In July 2023, she ran an 800 metres personal best of 1:58.48 at the Silesia Diamond league lin Chorzów. Selected for the 1500 m at the 2023 World Athletics Championships, she qualified for the semi-finals, breaking four minutes for the first time in her career with a time of 3:59.79.

===2024===
In April 2024, she won silver at the Australian Athletics Championships in the 800 metres race. She competed in the 800 metres at the 2024 Summer Olympics in Paris in August 2024, where she reached the semi-finals.

===2025===
She was selected for the 800 metres at the 2025 World Athletics Indoor Championships in Nanjing in March 2025. She won the 800 metres title at the Australian Athletics Championships on 13 April 2025 in Perth in a time of 2:00.51, finishing ahead of Claudia Hollingsworth.

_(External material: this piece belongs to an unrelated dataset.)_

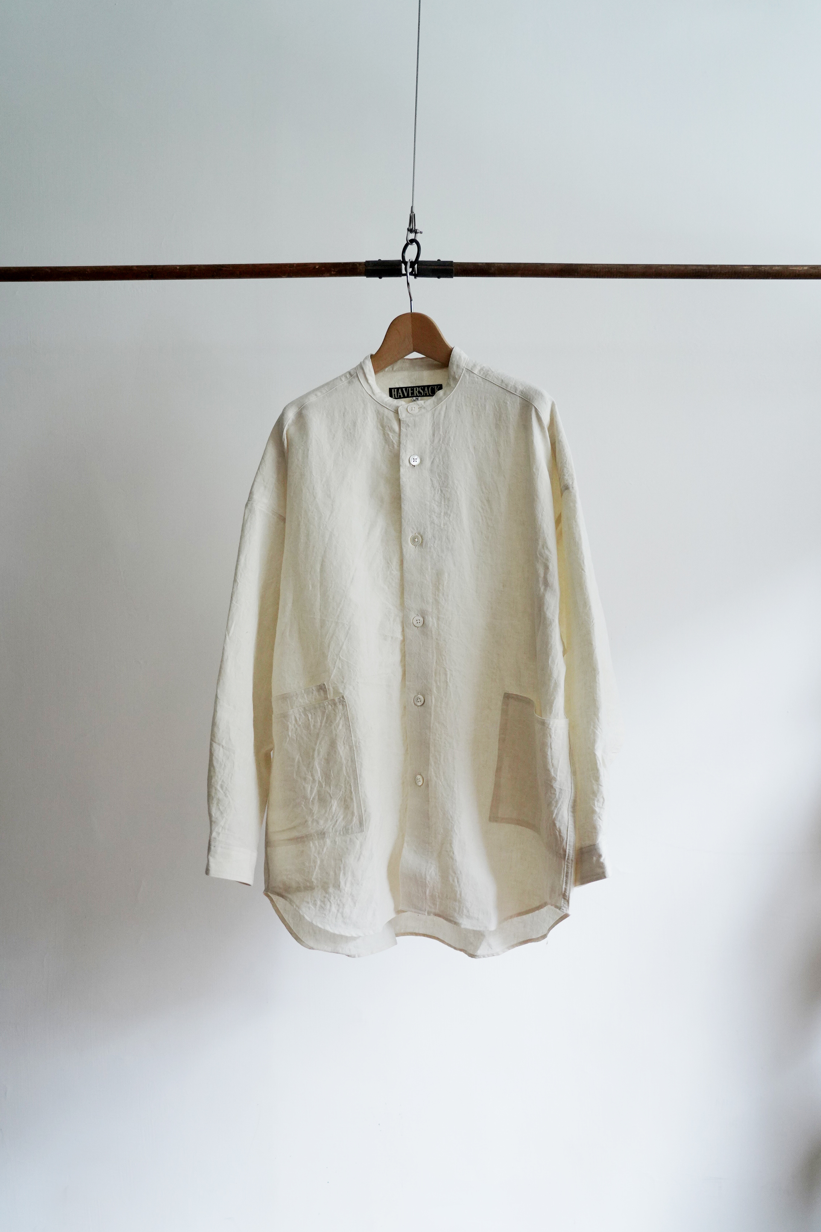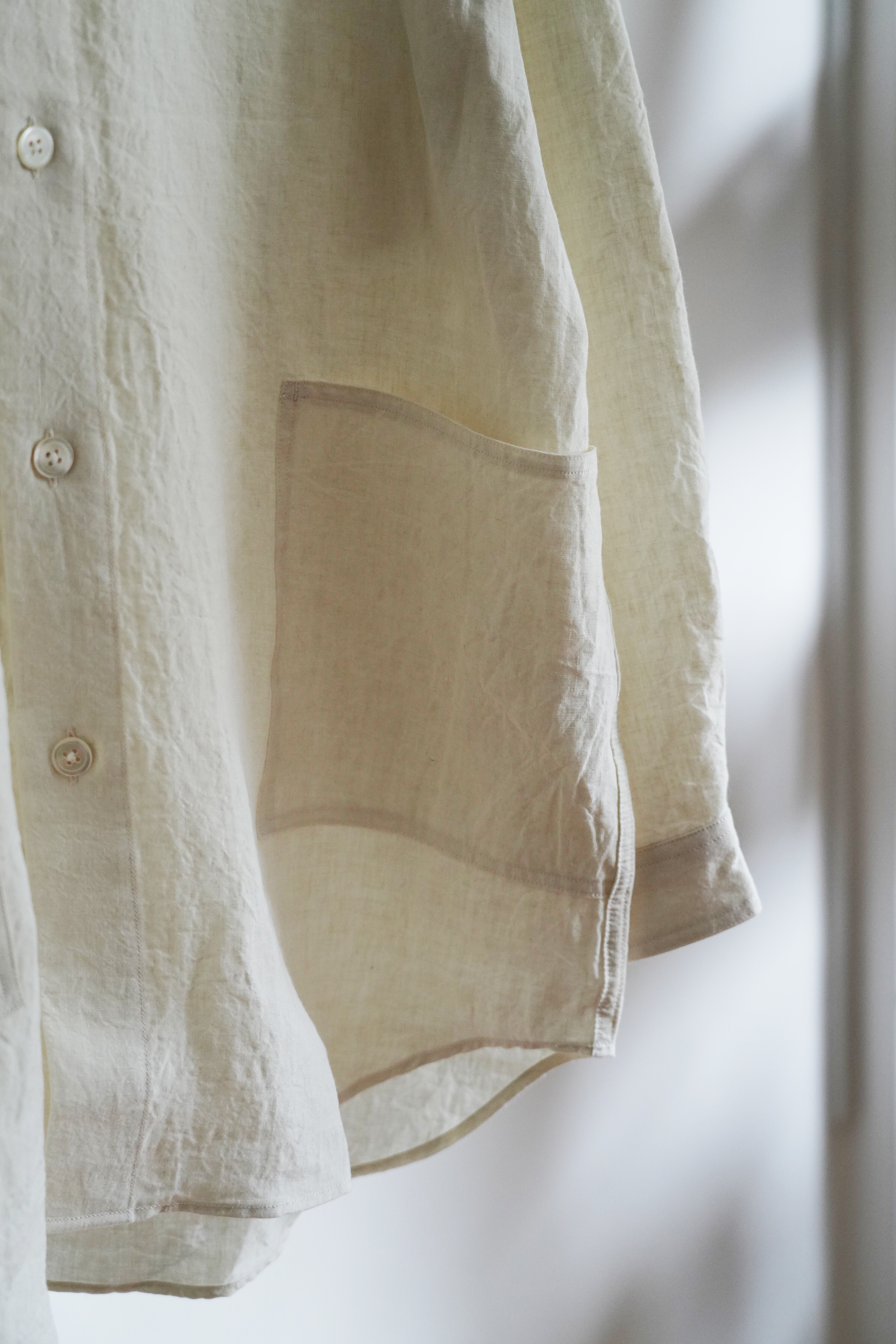 襯衫採用密度最高的60支紗歐洲亞麻,因此不但具有亞麻的紋理,同時帶有絲綢獨有的光澤。布料的質感搭配這個濃郁飽滿的米白色是我非常喜歡這件襯衫的原因之一,呈現的氣質非常優雅。

At the Diamond League opener in Xiamen, Caldwell lowered ran a new Oceanic record in the 100 m to 2:32.94, finishing second behind Faith Kipyegon. In May 2025, she was named as a challenger for the short distance category at the 2025 Grand Slam Track event in Philadelphia. On 6 June 2025, she finished third over 1500 metres at the 2025 Golden Gala in Rome, part of the 2025 Diamond League, running 3:59.32. She set a new personal best at the 2025 Kamila Skolimowska Memorial, in Poland, with a run of 1:57.70 for the 800 metres. She was a semi-finalist in the women's 800 metres at the 2025 World Athletics Championships in Tokyo, Japan.

===2026===
Caldwell ran a meeting record 4:02.62 to win the 1500 metres at the Perth Track Classic on 14 February 2026, finishing ahead of Nozomi Tanaka. In March, Caldwell bettered her own meet record to win the 800 m in a time of 2:00.04 at the Adelaide Invitational. Caldwell was third across the line in the 1500 metres at the 2026 Australian Championships on 10 April, in a controversial race finish that saw Jessica Hull fall, and Claudia Hollingsworth finish first with Sarah Billings second and initially declared the winner before Hollingsworth was reinstated. On 12 April, she defeated Hollingsworth to retain her Australian national title over 800 metres, running 1:58.57. The following month, Caldwell moved to second on the Australian all-time list for the 1500 metres with a run of 3:56.12 to place third at the 2026 Shanghai Diamond League. The following week, she won the 1500 m in 3:57.26 at the 2026 Xiamen Diamond League. On 14 July, Caldwell led Hollingsworth in an Australian one-two over 1500 metres at the István Gyulai Memorial, in Budapest. On 1 August, they were joined by Jess Hull in an Australian 1-2-3 in the mile run at the 2026 Commonwealth Games, with Caldwell leading the trio across the line for the gold medal. At the 2026 Diamond League Final in Brussels in September, she placed seventh over 1500 metres. The following week, she placed sixth over 1500 m at the inaugural World Ultimate Championship in Budapest.

==Circuit performances==

Grand Slam Track results
| Slam | Race group | Event | Pl. | Time | Prize money |
| 2025 Philadelphia Slam | Short distance | 1500 m | 5th | 4:01.54 | US$25,000 |
| 800 m | 4th | 2:00.57 |

== Personal life ==
Caldwell studied health sciences at Deakin University.